== TASK DIRECTIONS ==
Copy out exactly the stretch below, from the line with "Временная татуировка с" through the line with "Купальник хорошего качества,расцветка", both included; the pictures stay out.

== INFORMATION ==
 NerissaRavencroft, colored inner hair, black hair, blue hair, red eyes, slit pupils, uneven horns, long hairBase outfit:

--

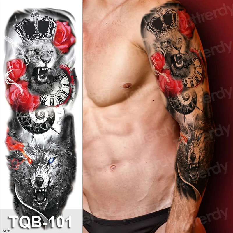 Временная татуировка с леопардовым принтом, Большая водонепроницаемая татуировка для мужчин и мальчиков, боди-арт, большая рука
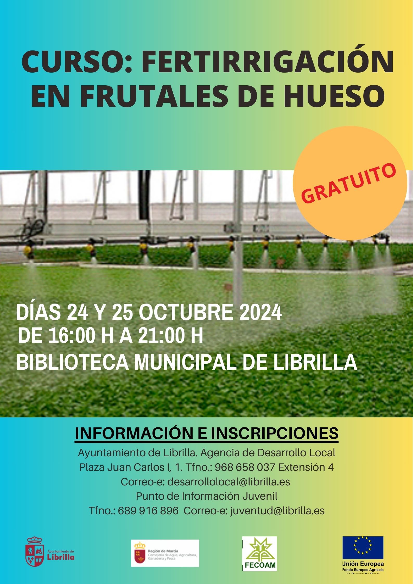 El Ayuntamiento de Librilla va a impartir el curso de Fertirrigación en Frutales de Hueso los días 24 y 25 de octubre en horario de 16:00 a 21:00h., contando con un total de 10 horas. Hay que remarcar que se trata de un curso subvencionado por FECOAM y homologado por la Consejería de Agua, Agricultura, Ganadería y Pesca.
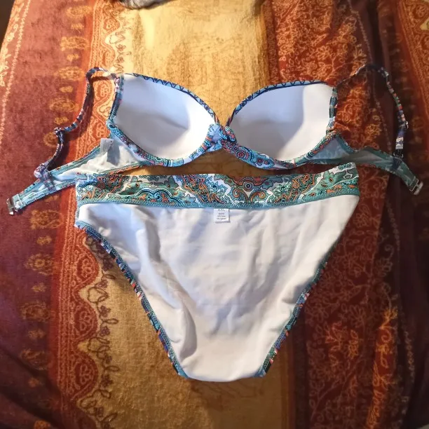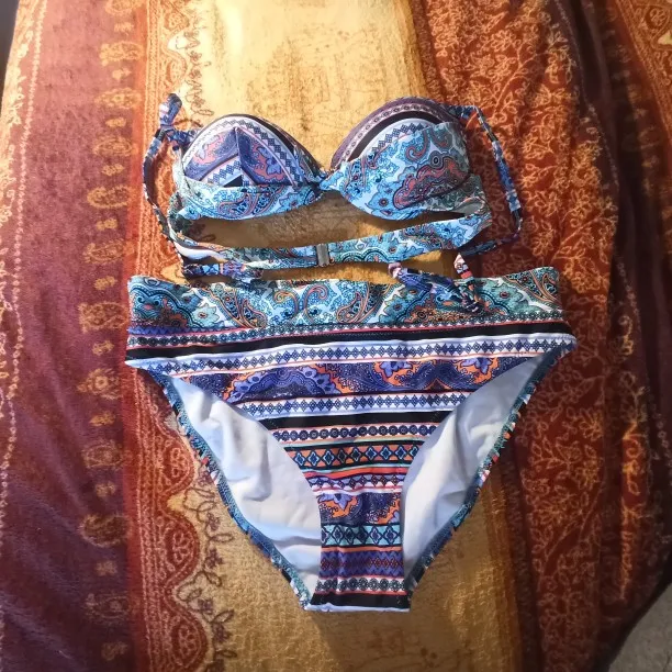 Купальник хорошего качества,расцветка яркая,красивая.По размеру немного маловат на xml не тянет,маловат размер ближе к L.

== ANSWER SECTION ==
 Временная татуировка с леопардовым принтом, Большая водонепроницаемая татуировка для мужчин и мальчиков, боди-арт, большая рука
 El Ayuntamiento de Librilla va a impartir el curso de Fertirrigación en Frutales de Hueso los días 24 y 25 de octubre en horario de 16:00 a 21:00h., contando con un total de 10 horas. Hay que remarcar que se trata de un curso subvencionado por FECOAM y homologado por la Consejería de Agua, Agricultura, Ganadería y Pesca.
 Купальник хорошего качества,расцветка яркая,красивая.По размеру немного маловат на xml не тянет,маловат размер ближе к L.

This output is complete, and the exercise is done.